## EXERCISE AIM
Print, word for word, every line from the beginning of the listing up to and including the line with "SHOW YOUR LIBRARY". Pictures are to be excluded.

## RECORDED DATA
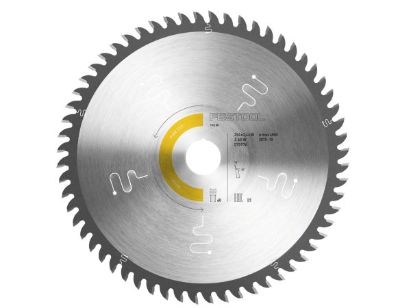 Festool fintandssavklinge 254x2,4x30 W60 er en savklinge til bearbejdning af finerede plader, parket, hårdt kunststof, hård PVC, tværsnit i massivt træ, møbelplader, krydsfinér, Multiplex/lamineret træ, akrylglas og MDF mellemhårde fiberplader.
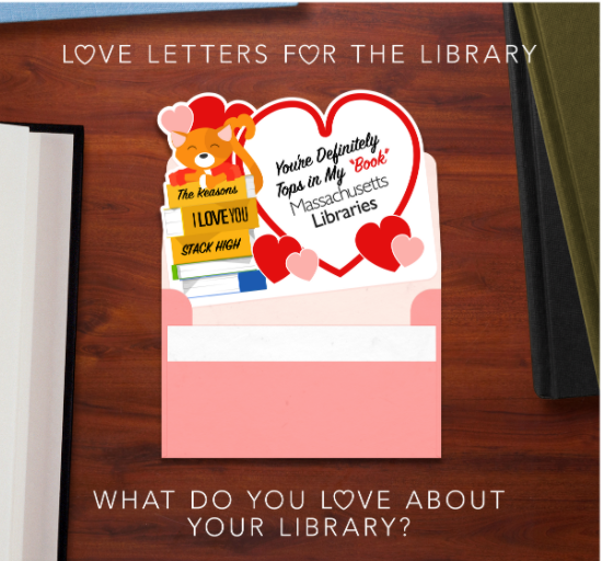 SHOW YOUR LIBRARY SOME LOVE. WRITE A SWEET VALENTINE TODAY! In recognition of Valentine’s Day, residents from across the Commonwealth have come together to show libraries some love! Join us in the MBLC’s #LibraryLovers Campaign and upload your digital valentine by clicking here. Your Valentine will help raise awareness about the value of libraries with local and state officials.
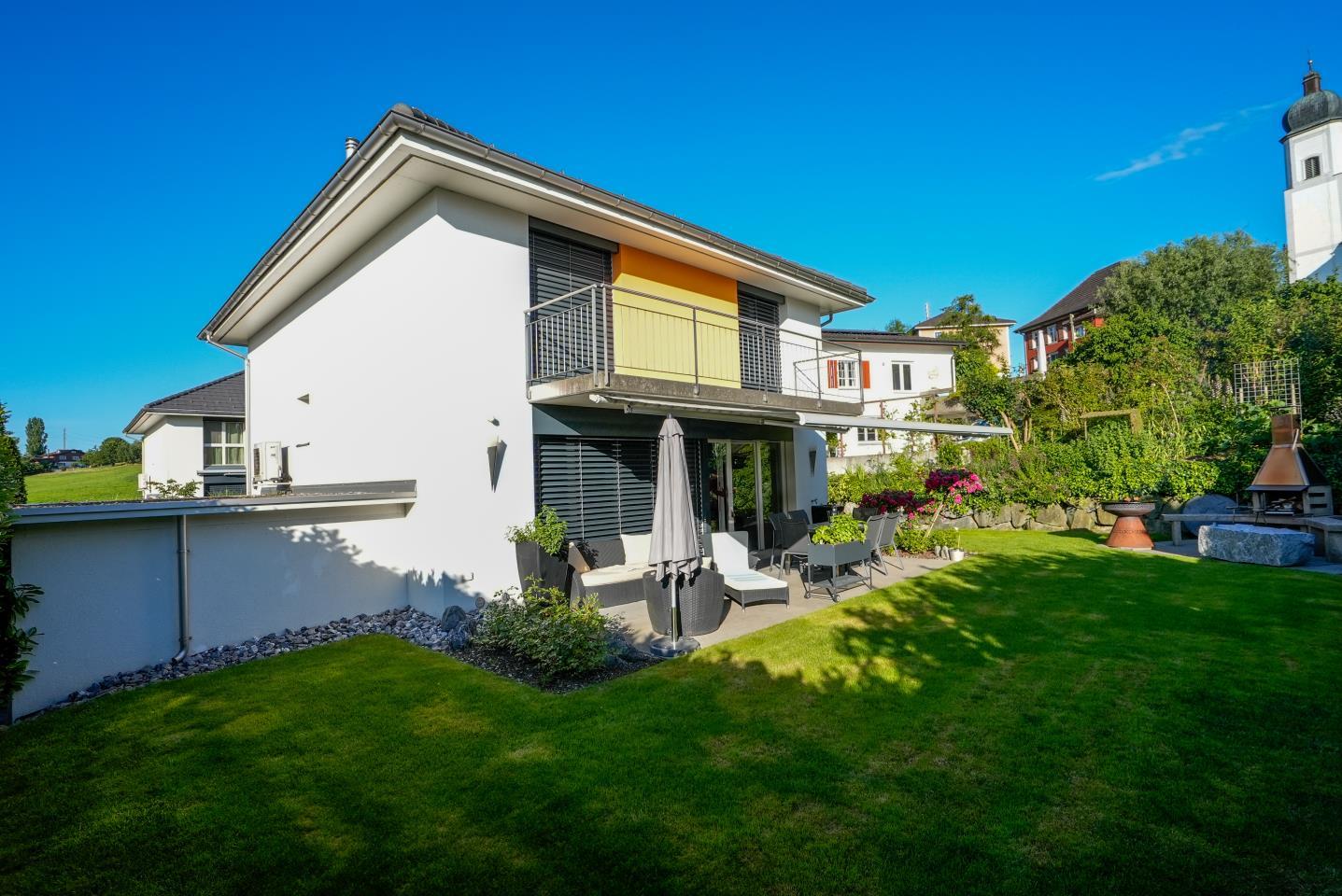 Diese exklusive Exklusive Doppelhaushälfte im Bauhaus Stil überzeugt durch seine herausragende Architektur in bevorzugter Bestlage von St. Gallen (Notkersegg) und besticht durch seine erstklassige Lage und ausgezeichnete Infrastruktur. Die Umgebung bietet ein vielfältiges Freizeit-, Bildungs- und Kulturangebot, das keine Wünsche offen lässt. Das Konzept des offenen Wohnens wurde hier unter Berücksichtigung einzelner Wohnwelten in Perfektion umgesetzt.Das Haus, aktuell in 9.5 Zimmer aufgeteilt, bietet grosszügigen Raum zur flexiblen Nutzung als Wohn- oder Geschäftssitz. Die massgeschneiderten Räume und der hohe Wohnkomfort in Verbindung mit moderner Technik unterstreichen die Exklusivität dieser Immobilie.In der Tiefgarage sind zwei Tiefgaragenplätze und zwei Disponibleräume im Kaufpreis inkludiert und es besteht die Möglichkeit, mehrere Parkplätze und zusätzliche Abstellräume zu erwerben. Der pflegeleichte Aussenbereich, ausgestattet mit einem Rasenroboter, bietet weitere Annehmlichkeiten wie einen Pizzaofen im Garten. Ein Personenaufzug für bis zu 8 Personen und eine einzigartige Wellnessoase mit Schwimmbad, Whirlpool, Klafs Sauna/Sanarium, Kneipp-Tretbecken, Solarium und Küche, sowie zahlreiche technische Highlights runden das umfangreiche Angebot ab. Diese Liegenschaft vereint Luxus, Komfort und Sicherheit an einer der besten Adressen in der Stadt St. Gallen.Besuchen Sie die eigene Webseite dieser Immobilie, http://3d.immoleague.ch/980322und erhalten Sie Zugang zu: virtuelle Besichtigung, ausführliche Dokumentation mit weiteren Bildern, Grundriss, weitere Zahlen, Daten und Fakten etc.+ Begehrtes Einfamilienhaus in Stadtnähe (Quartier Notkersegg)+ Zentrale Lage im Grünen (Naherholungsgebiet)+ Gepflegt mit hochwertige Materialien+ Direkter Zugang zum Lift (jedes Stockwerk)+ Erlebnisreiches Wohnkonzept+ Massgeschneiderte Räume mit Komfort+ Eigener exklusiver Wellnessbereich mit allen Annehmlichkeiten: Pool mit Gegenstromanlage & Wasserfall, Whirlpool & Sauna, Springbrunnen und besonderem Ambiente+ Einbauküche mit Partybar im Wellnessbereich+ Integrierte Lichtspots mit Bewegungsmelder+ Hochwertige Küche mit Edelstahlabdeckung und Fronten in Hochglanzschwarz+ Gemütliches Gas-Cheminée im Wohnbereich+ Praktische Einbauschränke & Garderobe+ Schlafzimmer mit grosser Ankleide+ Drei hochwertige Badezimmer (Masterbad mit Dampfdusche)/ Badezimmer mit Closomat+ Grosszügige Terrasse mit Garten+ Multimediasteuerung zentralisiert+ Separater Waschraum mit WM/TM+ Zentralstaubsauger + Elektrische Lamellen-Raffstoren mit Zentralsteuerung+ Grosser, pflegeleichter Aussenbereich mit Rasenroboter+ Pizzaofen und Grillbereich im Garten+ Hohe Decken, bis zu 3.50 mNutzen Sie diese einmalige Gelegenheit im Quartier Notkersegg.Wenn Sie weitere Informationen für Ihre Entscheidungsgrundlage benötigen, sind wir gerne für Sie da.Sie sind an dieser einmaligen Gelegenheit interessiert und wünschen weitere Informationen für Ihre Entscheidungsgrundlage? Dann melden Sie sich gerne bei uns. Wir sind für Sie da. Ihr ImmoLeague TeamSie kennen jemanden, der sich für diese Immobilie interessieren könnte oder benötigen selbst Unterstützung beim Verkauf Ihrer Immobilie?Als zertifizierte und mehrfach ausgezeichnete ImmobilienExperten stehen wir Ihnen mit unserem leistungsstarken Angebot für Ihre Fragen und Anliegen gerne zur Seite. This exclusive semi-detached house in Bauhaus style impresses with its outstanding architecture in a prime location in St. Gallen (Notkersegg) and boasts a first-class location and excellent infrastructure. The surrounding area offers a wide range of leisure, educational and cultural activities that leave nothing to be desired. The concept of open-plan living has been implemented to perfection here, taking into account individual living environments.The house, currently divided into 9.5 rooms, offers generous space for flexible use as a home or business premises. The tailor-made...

## WORKED SOLUTION
 Festool fintandssavklinge 254x2,4x30 W60 er en savklinge til bearbejdning af finerede plader, parket, hårdt kunststof, hård PVC, tværsnit i massivt træ, møbelplader, krydsfinér, Multiplex/lamineret træ, akrylglas og MDF mellemhårde fiberplader.
 SHOW YOUR LIBRARY SOME LOVE. WRITE A SWEET VALENTINE TODAY! In recognition of Valentine’s Day, residents from across the Commonwealth have come together to show libraries some love! Join us in the MBLC’s #LibraryLovers Campaign and upload your digital valentine by clicking here. Your Valentine will help raise awareness about the value of libraries with local and state officials.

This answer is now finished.